Archive for October, 2009

GIT-op 3: Specifying revisions

October 17th, 2009

Now for the great time-saver of this series of tutes.  You’re going to spend a lot of time specifying revisions when working with GIT, but it does a great job of easing this for you.

The way most people get revision specifiers is by using git-log to find the commit they’re looking for and cut-and-pasting the SHA1 hash associated with it.  This hash is the basis of all git specification methods.

Note that the examples I give here relate to a particular command but will work with pretty much any of them.  Most GIT commands pipe their given specifiers through git-rev-list to get the commit IDs out and the docco for that command is a good place to get more info on what I’m going to say.

Tags

The most common form of easy revision specification is tagging.  Tag a version simply by

git tag -a tag_name [SHA1 hash of target commit]

or just

git tag -a tag_name

if you’ve currently got the target commit checked out.
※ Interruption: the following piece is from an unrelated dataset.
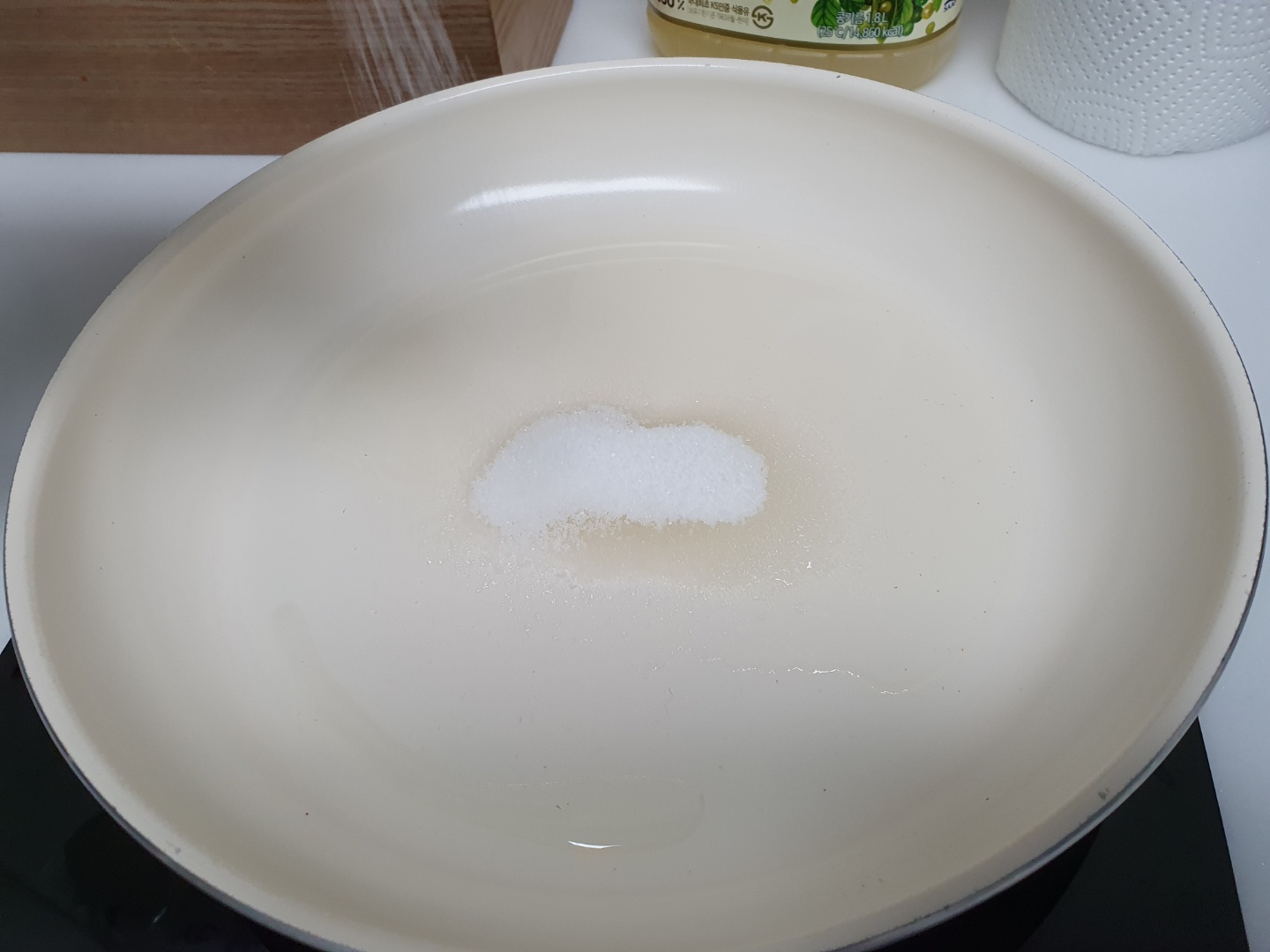 일단 프라이팬에 기름을 두르고, 설탕을 넣습니다. 그냥 취향대로. 취향은 존중합니다.
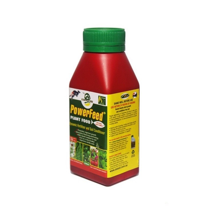 Phân đạm cá cao cấp Powerfeed 14-1.4-9 nhập khẩu Australia 250mlPOWERFEED CONCENTRATE (14-1.4-9) PHÂN BÓN LÁ NPK DẠNG NƯỚC SẢN XUẤT TỪ NƯỚC ÚC - POWERFEED SEASOLTHÀNH PHẦN: Nitrogen (N) 14 %, Phosphorus (P) 1.4% , Potassium (K) 9.0%, Boron (B) 1.6 mg/L, Ca 460 mg/L., Cacbon12.5%, đạm cá hồi cao cấp, acid amin, vitamin, selenium và các chất kích thích sinh trưởng tự nhiên.Powerfeed được chiết suất từ cá nên có đầy đủ các nguyên tố vi lượng acid amin, Vitamin, Canxi, Lân và các kích thích tăng trưởng tự nhiên.Là phân bón chất lượng cao và có khả năng cải tạo đất có chứa các nguyên tố vi lượng, cá và chất mùn.Gia tăng màu sắc cho hoa, quả và lá.Gia tăng số lượng hoa xanh dày lá và số lượng chồi và tăng đậu quả.Gia tăng các dưỡng chất hữu ích và tăng cường sự hấp thụ cho cây trồngTăng cường chất dinh dưỡng cho cây, trong giai đoạn kích trái và tăng trọng lượng tráiAn toàn và hiệu quả với tất cả các loại cây trồng bao gồm hoa, cây ăn trái, cây công nghiệp, rau, vườn ươm, cây cảnh.Powerfeed được chứng nhận là phân bón NPK đạt tiêu chuẩn của Australia và tại Việt Nam được Chứng nhận hợp qui bởi Trung tâm khảo nghiệm phân bón vùng Nam bộ thuộc Bộ Nông nghiệp và Phát triển nông thôn.An toàn môi trường, không ảnh hưởng đến con người, cách ly rau quả 5 ngày.CÔNG DỤNG:Mát cây, xanh lá, đẻ nhiều nhánh, đâm nhiều tược, ra nhiều hoa, trổ bông đồng lạt, đậu nhiều trái, to quả to củ, tăng diệp lục tố, màu sắc hoa tươi đẹp, tăng kháng phèn, kháng mặn, phụ hồi gốc suy, trẻ hoa cây lâu năm,..

You can use -u <key-id> instead of -a to sign the tag and -v to verify a signed tag.  Once you’ve got a revision tagged, that tag name simply acts as a synonym for the SHA1 has it’s linked to.

Relative

Relative specification is useful if you’re working with commits very close to HEAD.  Drop back 1 or 2 revisions with

git log HEAD^

or

git log HEAD^^

When going further back this can of course be a pain so instead of

git log HEAD^^^^^^^

you can use

git log HEAD~7

to go back 7 commits at once.

Time-based

Now GIT starts to get cool.  It keeps a track of at what your tree looked like at different points in time and you can access this information in a jiff.  Say you’ve just pulled in a bunch of changes and want to look at everything which wasn’t there when you left work; git does a pretty good job of parsing English-like time specifications so you can simply do

git log @{6pm.yesterday}

How about what was on some other branch the day before yesterday but not in your branch now

gitk other_branch@{day.before.yesterday} ^HEAD

Note that a carat before a revision name is logical not, a carat after is one commit before.

As you can see, the @{} specification is very powerful, allowing you to get the status of a tree at a particular time either in normal date specifications or more English-like phrasing.  This is not, however, the same thing as the commits since a particular time.  For example, if you pull in a big old bunch of commits, @{5.minutes.ago} will point to the tree before the pull, not a tree with all but the commits timestamped in the last 5 minutes.  For this you need the –since specifier

gitk --since="5th October"

Other neat specifiers

There are other things you can use to select commits too.

gitk --author="Ben Nizette" --committer="Haavard Skinnemoen"

will show all the patches I wrote which went through Haavard.

gitk --since="yesterday" --grep="gpio"

Will show all patches in the last day which claimed to have something to do with gpio.  We can limit this further

gitk --since="yesterday" drivers/gpio/

will simply show the last day’s commits which touched something in the drivers/gpio/ directory.

gitk --extended-regexp="^foo.*[0-9]*$"

Well that does pretty much as you’d expect really.

gitk --author="Linus Torvalds" --no-merges

Shows you how much actual coding (non-merge) work Linus actually does.

The dots

There can be some confusion when using GIT as to what a series of dots actually does.  2 dots (“..”) is a range specifier

git log HEAD~5..HEAD~2

shows all commits between the 5th and 2nd newest.  It’s a shorthand for

git log HEAD~2 ^HEAD~5

3 dots (“…”) is a symmetric difference, that is

git log HEAD~5...HEAD~2

will show all commits that are in HEAD~5 or HEAD~2 but not both.  In the case where they’re just different points on the same branch 2 and 3 dots do the same thing, but suppose you’re about to merge a pair of branches and you want to see what might conflict,

gitk merge_1...merge_2

shows the commits which are in one branch or the other but not both – i.e. it just lists the commits which could possibly conflict.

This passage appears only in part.